I ended up writing a RetryTask module that does the job without using a supervisor but using more or less the interface of Task. I am not happy with writing such infrastructure code. I my opinion Task and Task.Supervisor should support the retry in combination with await. But it works and I hope to use standard components later.
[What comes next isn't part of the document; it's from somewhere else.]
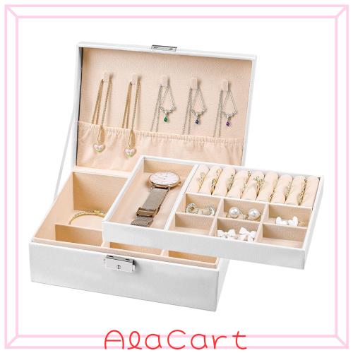 ジュエリーボックス 収納 アクセサリーケース 2層 大容量 ピアス ネックレス リング アクセサリー 収納ボックス 小物入れ 鍵付き (ホワイ

emerleite · August 12, 2016, 9:10pm

I’m using GenRetry. It works perfect. https://github.com/appcues/gen_retry

mbuhot · March 2, 2017, 5:37am

This issue was raised on the Elixir github project.

github.com/elixir-lang/elixir

restart: :transient does not affect Task.Supervisor.async/async_nolink

opened 06:18PM - 13 Apr 16 UTC

closed 06:46AM - 14 Apr 16 UTC

sikanhe

For task supervisors, the processes can only be restarted when using start_child… method. We cannot currently await on a task that we want to retry. ``` {:ok, tas} = Task.Supervisor.start_link(restart: :transient) Task.Supervisor.async_nolink(tas, fn -> 1 = 2 end) // does not restart ``` I understand there is a limitation that a Task is tied to a process, so it cannot possibly know about the new process that could get started. But this was unclear in the documentation. Do you think there is a way to await on a supervised task that be restarted on crash? If so we should implement it because there is many cases where this could be helpful. If not I think we should clarify this in the docs more.

It is not possible to await on a restarted task because the monitor reference can not be reused or new pid detected by the caller.

BogdanHabic · March 2, 2017, 8:53am

But can’t we achieve this behavior with Registry?
So basically instead of a pid, you could get a ref under which the task would register itself?